Abbas, go

Ordinary Palestinians are paying the price for Abbas's lack of leadership and the policies of the oligarchs who surround him.

Palestinian President Mahmoud Abbas waves in Ramallah, in the West Bank May 1, 2018 (photo credit: REUTERS/MOHAMAD TOROKMAN)
Palestinian President Mahmoud Abbas waves in Ramallah, in the West Bank May 1, 2018
(photo credit: REUTERS/MOHAMAD TOROKMAN)
Amid growing pressure from Palestinian protests in the West Bank over the last few weeks, Palestinian Authority officials slammed the US administration for its efforts to improve living conditions in the Gaza Strip. On Monday, a member of the PLO Executive Committee also said the Trump administration was “living in an illusion if it thinks it would be able to find Arab or Palestinian support for its suspicious [peace] plan.”
The latest comments from Ramallah come after a year in which the PA has sought to obstruct and work against the US administration and its efforts at a new peace push. The comments by advisers to PA President Mahmoud Abbas are part of a pattern in which the PA leadership appears out of touch with both the region and its own people. It continues to harass local journalists, crack down on freedom of expression online, and recently sent police to beat protesters who challenged its sanctions on Gaza. It also refuses to hold elections, preferring to govern indefinitely while billions of dollars in Western support fill its coffers. Increasingly it appears as if Abbas, who has had health problems, is clinging to power. Ordinary Palestinians are paying the price for his lack of leadership and the policies of the oligarchs who surround him.
In an interview with Al-Quds newspaper this week, Trump adviser Jared Kushner questioned Abbas’s ability to agree to a new deal put forward by Washington. “He has his talking points, which have not changed in the last 25 years. There has been no peace deal achieved in that time. To make a deal, both sides will have to take a leap and meet somewhere between their stated positions,” Kushner said.
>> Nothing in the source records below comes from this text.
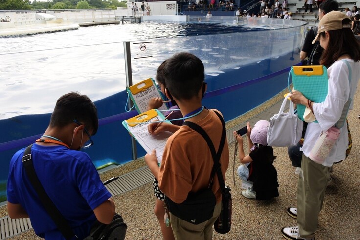さっき観たイルカを観察したり、それぞれのエリアの生き物を観て「何考えてるのかな〜?」「何でこんなことしてるんやろ?」など、想像を膨らませながらクイズを考えました。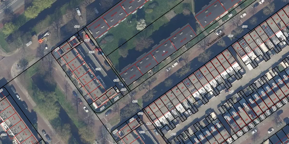 Vledderstraat 147 is gelegen op kadastraal perceel GVH37AW512. Deze kadastrale aanduiding is uniek en wordt gebruikt door het Kadaster om eigendomsrechten en andere zakelijke rechten vast te leggen. Het perceel maakt onderdeel uit van de kadastrale gemeente 's-Gravenhage.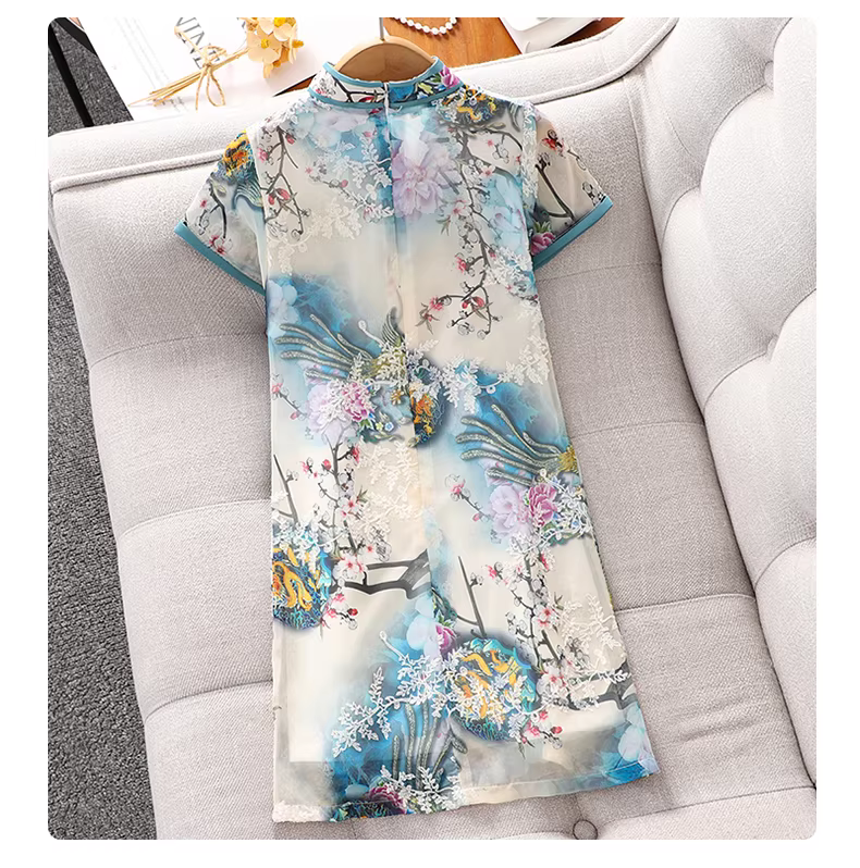 Váy sườn xám cải tiến cho bé gái mặc mùa hè 2025 phong cách mới Váy voan mỏng kiểu Trung Quốc cho bé gái Váy voan trẻ em

The PA response to the interview was to accuse Kushner of “incitement,” as The Jerusalem Post’s Khaled Abu Toameh reported. The officials claimed the fact that Kushner had to address the Palestinian public through a newspaper was an indication the US administration had failed to win Arab support for the plan. This claim is similar to the one made by PA officials that improving lives in Gaza would “undermine the Palestinian national project.” In both cases the PA seeks to keep the Palestinian people from deciding for themselves what they want and whether a new peace plan is acceptable.
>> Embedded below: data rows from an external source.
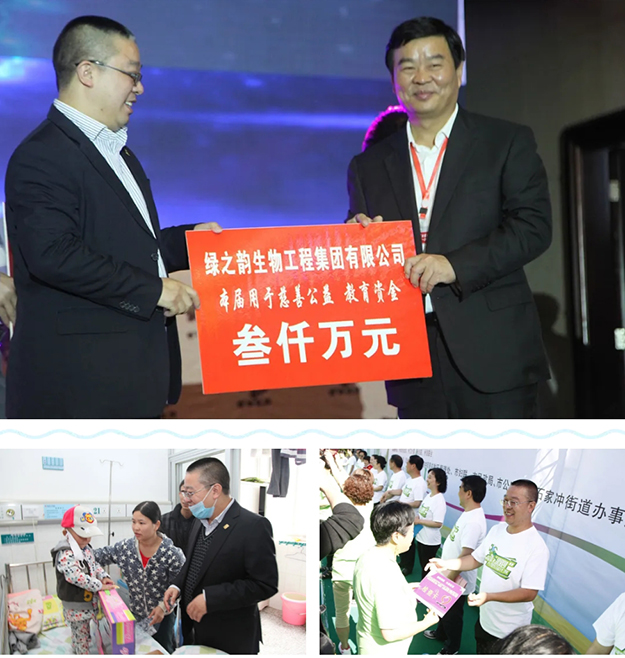 十七年來(lái),綠之韻在胡國(guó)安董事長(zhǎng)帶領(lǐng)下,在發(fā)展實(shí)業(yè)的同時(shí),積極承擔(dān)社會(huì)責(zé)任,產(chǎn)業(yè)富民、回饋社會(huì),如:在全國(guó)各地先后援建了11所希望學(xué)校,陸續(xù)投入1000萬(wàn)元開(kāi)展“樹(shù)人行動(dòng)”,投入300萬(wàn)元在全國(guó)各地開(kāi)展“綠韻圓夢(mèng)·書(shū)香助學(xué)”活動(dòng),投入300萬(wàn)元用于全國(guó)貧困母親救助行動(dòng),捐贈(zèng)700萬(wàn)元為城鎮(zhèn)低保婦女提供“兩癌”免費(fèi)檢查服務(wù),向湖南省光彩事業(yè)基金會(huì)捐贈(zèng)3000萬(wàn)元促進(jìn)“老、少、邊、窮”地區(qū)的經(jīng)濟(jì)發(fā)展和社會(huì)進(jìn)步。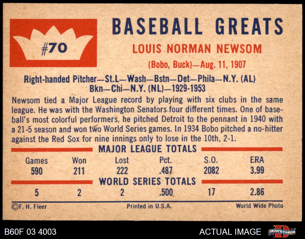 1960 Fleer #70 Bobo Newsom 8 - NM/MT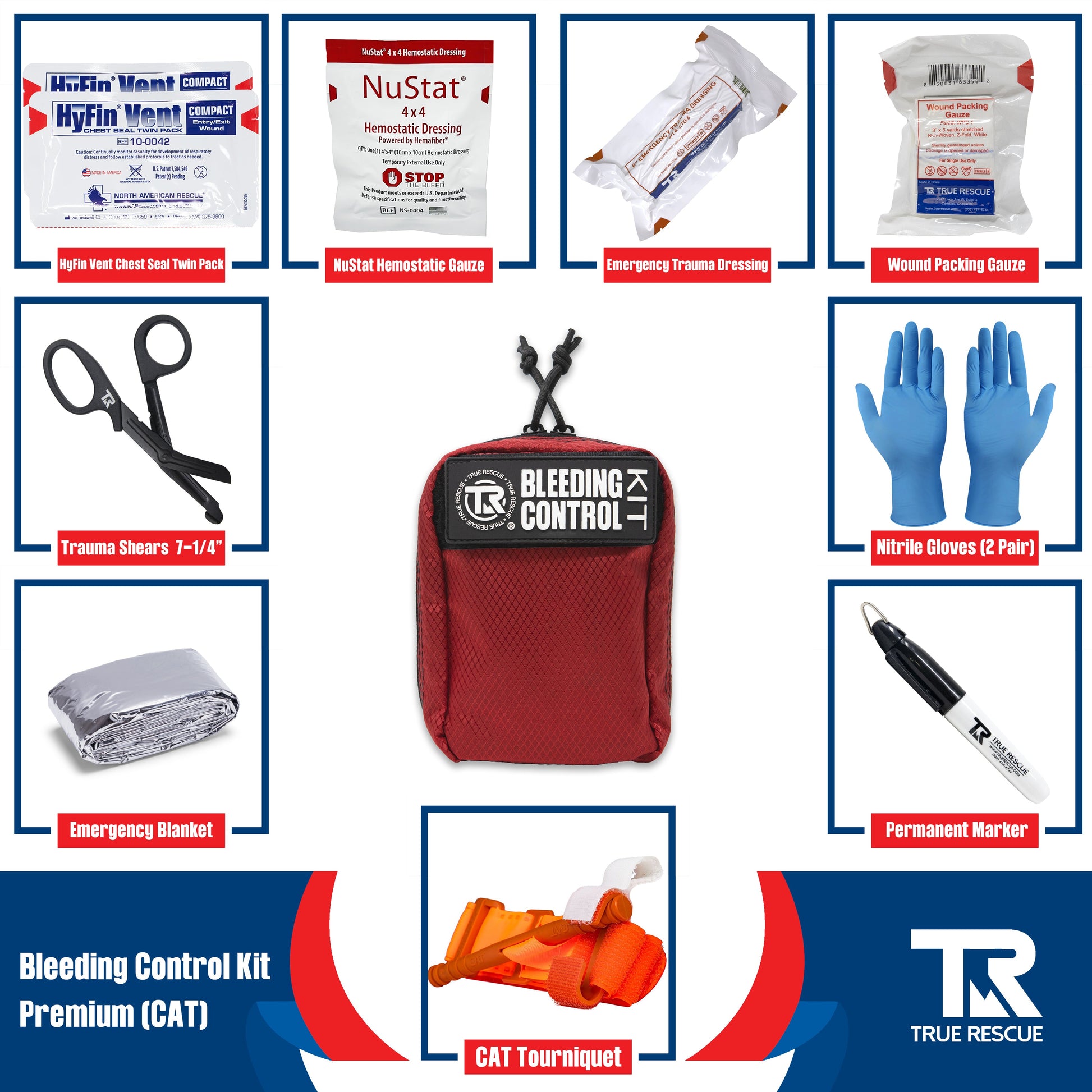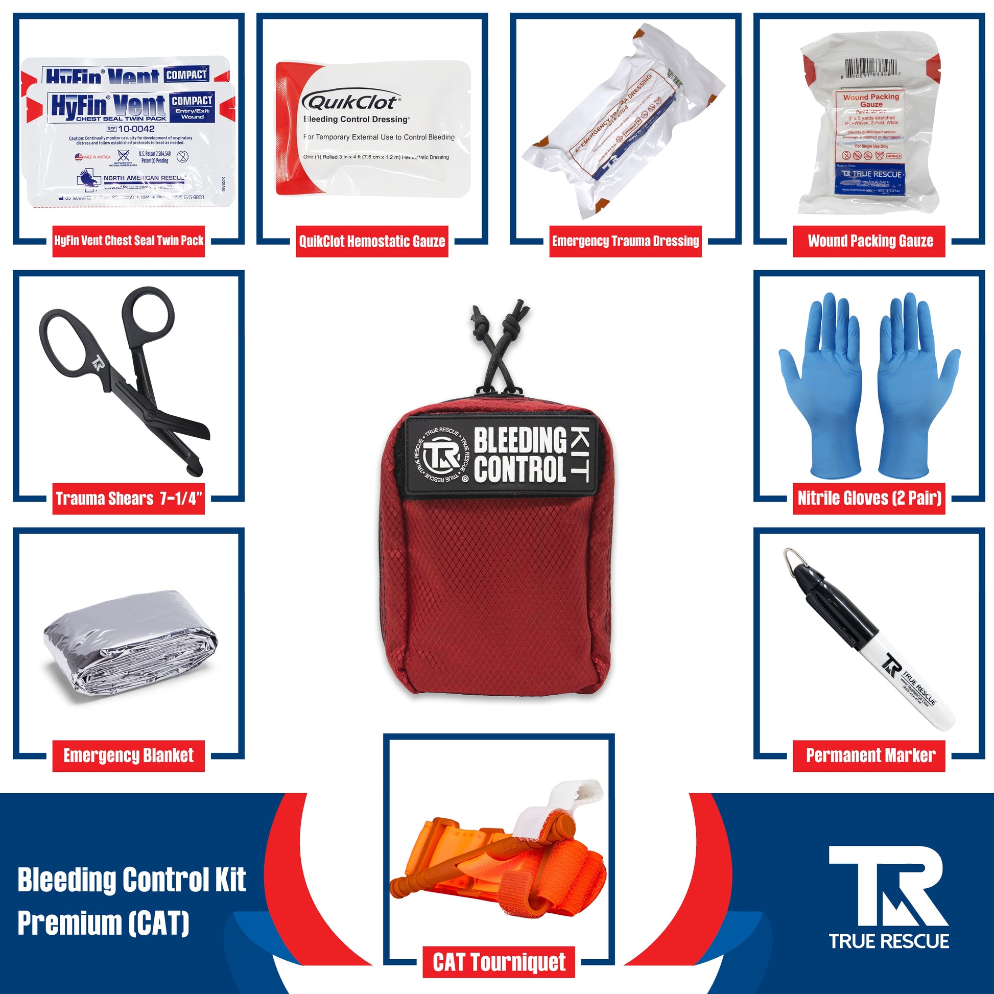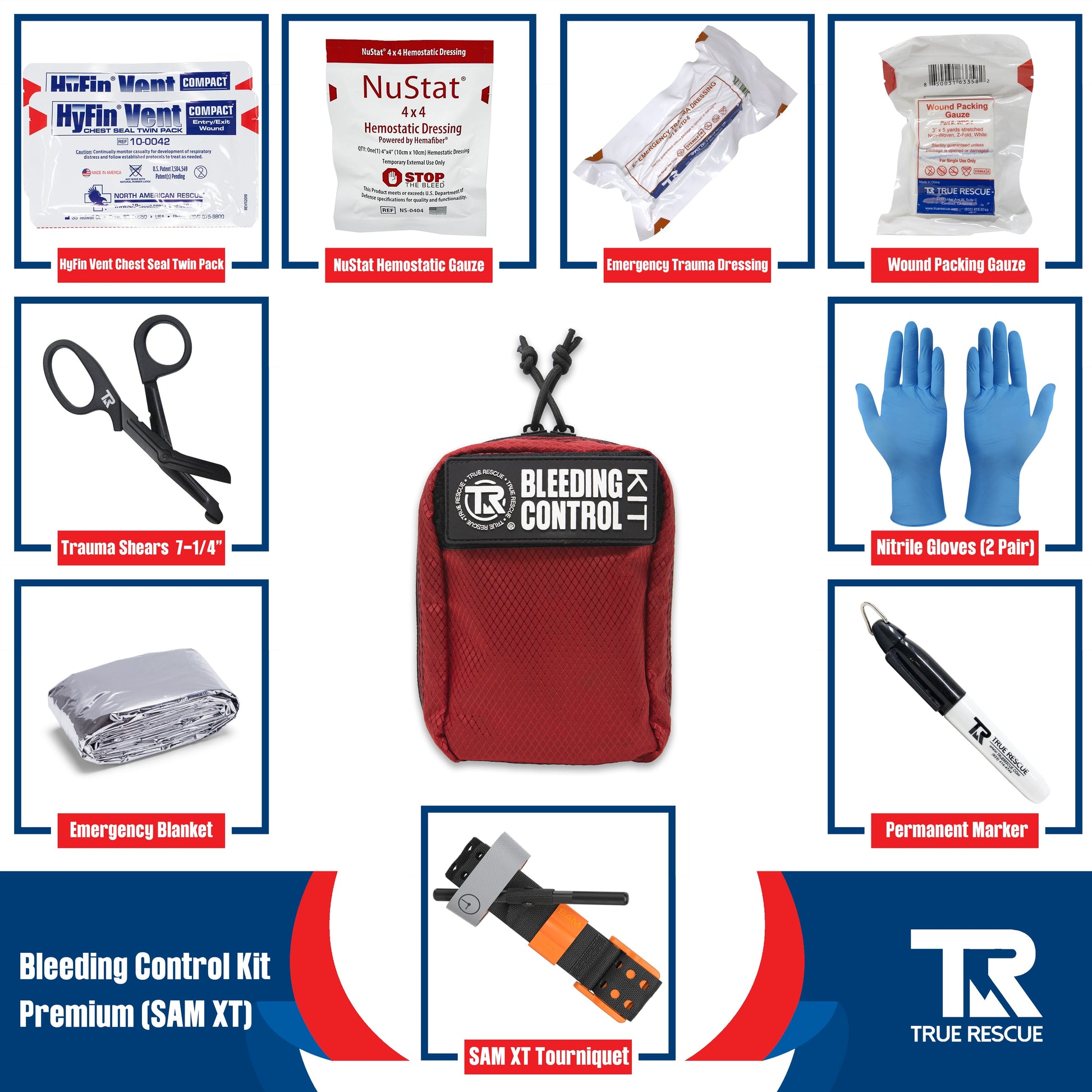 Get the tools you need to save lives when you’re faced with unexpected emergencies. True Rescue's Bleeding Control Kit comes in three different variations: Standard, Intermediate, & Premium. Each kit builds upon the last, providing additional life-saving tools to help control traumatic bleeding. Whether you are a civilian preparing your home, school, or place of business; or a professional working in the military, law enforcement, or EMS, you can rest easy knowing there is a kit here for you!

The aging leadership in the PA has fought against change for decades, and many of those who still make decisions and give statements, such as Saeb Erekat, haven’t moved from their chairs since the 1990s. They have systematically undermined and denied a new generation of Palestinians from rising to the top. When the leadership convened the Palestinian National Council in Ramallah in April – after 22 years – there were few young faces or women among the ossifying speech-makers. Abbas spoke for two hours, reiterating the same “talking points” that Kushner mentioned.
For years, the Palestinian leadership benefited from convincing Western leaders that solving the Israeli-Palestinian conflict was the key to peace in the whole region. However, leading regional states such as Egypt, Saudi Arabia, the United Arab Emirates and Jordan have come to realize there are more pressing issues in the region in their own countries such as poverty, the Iranian threat and extremism. The Trump administration has tried to get these key states on board for a peace plan.
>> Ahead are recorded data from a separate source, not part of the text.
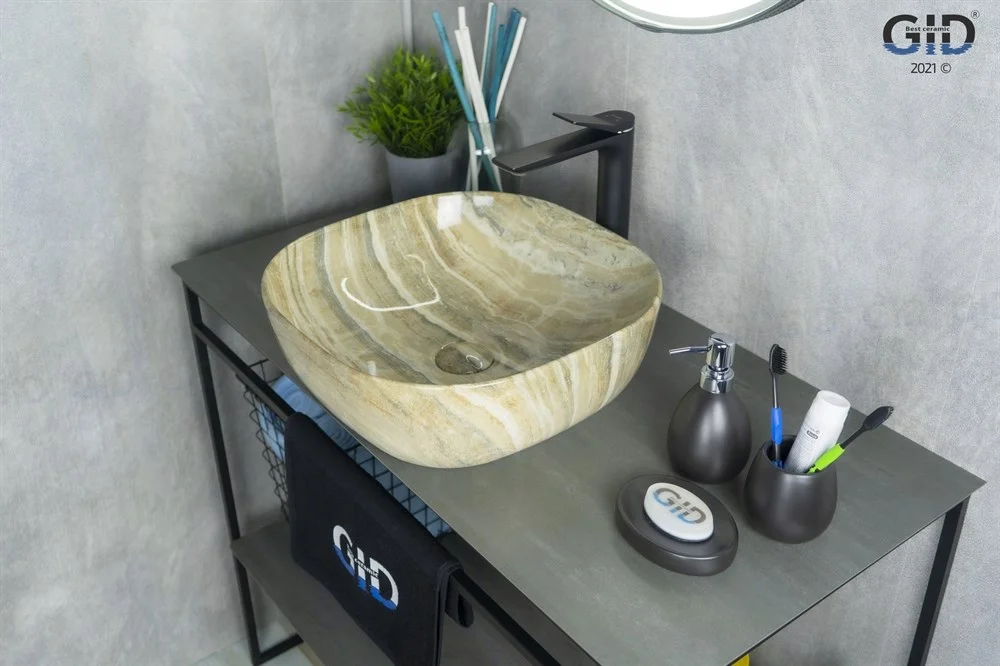 Керамическая дизайнерская раковина Gid Mnc543 покрыта каменной фактурой коричневых оттенков с прожилками путём современных высокотехнологических процессов.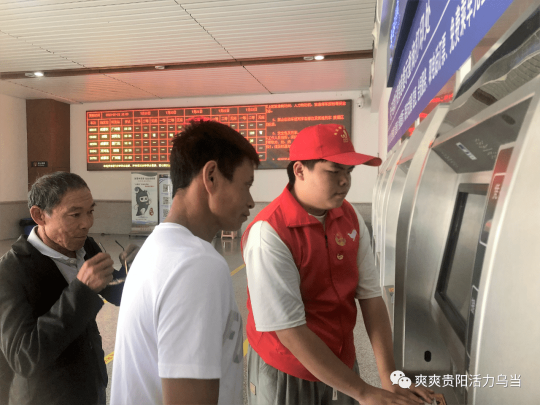 今天一早,来自贵州师范学院的大四学生杨辉就和同学前往贵阳东站,穿戴好文明旅行志愿者马甲和帽子,在进站口、候车大厅、售票厅和出站口,开展文明旅行志愿者服务。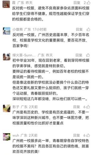 家长与学生的反馈也印证了这一担忧。在社交媒体平台上,“反对统一校服”的声音占据主流,不少网友表示:“广州百年名校众多,执信、广雅、真光等校的校服是文化传承,更是学生的荣光”“深圳与广州教育格局不同,何必照搬”,还有家长担忧统一后可能出现劣质面料、监管缺位等问题。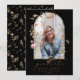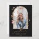 Ett söt studenten-annonskort med ditt foto i en bågform i guld ram med vildblommor och löv i rosa och grönt. Bakgrunden är svart. "student" finns i guld i det moderna kalligrafteckensnittet. Den omvända färgen har en mönster av vildblommor med vattenfärg.

The PA hopes that by bypassing the US it can wait until the Trump administration leaves office and get a better deal from the next administration or from the Europeans. It hopes to continue to receive foreign largesse, including aid for its security forces, which are trained and supported by the US. It thinks the US has no other option and no one else to talk to.
Many Palestinians today are concerned about their economic situation. The younger generation has grown up in the wake of the Oslo Accords and has not seen their lives improve. People have been denied a say as elections are continuously postponed. Increasingly, they are more frustrated with the PA’s leadership than with Israel.
It is time for the PA to find new leadership who can talk about peace and give the next generation a real chance.